- Born: 15 February 1931 (age 95) Shisen, Keishōnan-dō, Korea, Empire of Japan
- Education: Hosei University (BA)
- Occupations: Chairman and CEO, Maruhan
- Children: 7

Korean name
- Hangul: 한창우
- Hanja: 韓昌祐
- RR: Han Changu
- MR: Han Ch'angu

Japanese name (transcription)
- Kanji: 韓昌祐
- Katakana: ハン・チャンウ
- Revised Hepburn: Han Chan'u

Japanese name (reading)
- Kanji: 韓昌祐
- Hiragana: かん しょうゆう
- Revised Hepburn: Kan Shōyū

= Han Chang-woo =

Zainichi Korean businessman (born 1931)

Han Chang-woo (韓 昌祐, born February 15, 1931; read in Japanese as Han Chan'u or rarely Kan Shōyū) is a Korean-born Japanese businessman who is the CEO of the pachinko management company Maruhan (マルハン).

==Early life==
Han was born in Korea and secretly entered Japan in October 1945. He obtained Special Permanent Resident status and attended Hosei University, graduating with a degree in economics in 1952.

==Career==
Shortly after graduation, he took over a pachinko operation run by his brother-in-law in Kyoto.

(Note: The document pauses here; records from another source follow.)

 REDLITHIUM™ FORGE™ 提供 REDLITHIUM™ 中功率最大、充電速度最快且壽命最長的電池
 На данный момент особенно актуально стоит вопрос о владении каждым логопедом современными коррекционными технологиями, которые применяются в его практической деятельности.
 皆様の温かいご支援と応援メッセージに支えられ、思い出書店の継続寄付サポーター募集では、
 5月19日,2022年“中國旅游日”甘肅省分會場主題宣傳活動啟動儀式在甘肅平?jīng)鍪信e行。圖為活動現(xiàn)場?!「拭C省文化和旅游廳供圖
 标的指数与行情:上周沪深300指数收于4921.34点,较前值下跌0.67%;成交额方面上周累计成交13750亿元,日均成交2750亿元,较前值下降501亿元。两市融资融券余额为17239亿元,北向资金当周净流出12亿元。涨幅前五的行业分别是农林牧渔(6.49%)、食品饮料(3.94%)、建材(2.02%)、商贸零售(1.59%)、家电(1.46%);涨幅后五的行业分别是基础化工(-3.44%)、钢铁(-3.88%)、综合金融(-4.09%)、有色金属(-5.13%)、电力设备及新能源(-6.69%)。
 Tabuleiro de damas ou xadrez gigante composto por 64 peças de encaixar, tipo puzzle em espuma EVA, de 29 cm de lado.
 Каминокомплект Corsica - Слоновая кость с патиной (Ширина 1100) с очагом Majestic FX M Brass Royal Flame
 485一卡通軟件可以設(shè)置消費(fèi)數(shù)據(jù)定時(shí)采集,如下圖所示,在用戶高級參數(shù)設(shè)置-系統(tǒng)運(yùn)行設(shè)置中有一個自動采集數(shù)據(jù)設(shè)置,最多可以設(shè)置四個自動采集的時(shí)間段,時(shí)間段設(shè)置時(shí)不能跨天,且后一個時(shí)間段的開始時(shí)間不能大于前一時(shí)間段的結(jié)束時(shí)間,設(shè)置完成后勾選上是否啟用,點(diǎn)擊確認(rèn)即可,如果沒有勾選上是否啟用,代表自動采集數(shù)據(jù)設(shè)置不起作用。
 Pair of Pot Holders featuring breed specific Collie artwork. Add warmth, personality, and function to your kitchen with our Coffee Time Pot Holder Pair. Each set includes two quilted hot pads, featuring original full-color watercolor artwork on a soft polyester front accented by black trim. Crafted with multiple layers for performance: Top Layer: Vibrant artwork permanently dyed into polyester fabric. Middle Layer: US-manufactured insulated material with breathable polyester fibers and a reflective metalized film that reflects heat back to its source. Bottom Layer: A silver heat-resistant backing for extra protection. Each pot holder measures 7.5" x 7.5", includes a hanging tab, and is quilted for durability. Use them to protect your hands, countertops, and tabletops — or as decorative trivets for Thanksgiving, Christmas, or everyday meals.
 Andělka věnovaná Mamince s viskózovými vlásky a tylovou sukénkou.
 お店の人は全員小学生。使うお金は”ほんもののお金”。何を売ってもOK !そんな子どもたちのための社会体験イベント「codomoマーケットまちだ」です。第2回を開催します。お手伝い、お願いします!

He founded Maruhan Corporation in 1972. Han became a Japanese national in 2002.

==Philanthropy==
He has announced that he intends to give away his entire fortune to foster Korean and Japanese relations before he dies. More recently he has pledged to up his culture fund based in Japan to 140 billion won and an education fund in Korea to 10 billion won.

==Awards==
- Order of the Sacred Treasure, Third Class — 1999
- Sacheon Citizen Award (사천시민대상) — 2010

==Controversy==
A lawsuit was filed in September 2020 in the U.S. Territory of Guam, alleging that he had unlawfully taken away $300 million in stock owned by one of his daughters. The Suit also claims that Han Chang-woo's motivation for this action was to force his daughter to divorce her second husband, an African-American businessman and retired professional basketball player.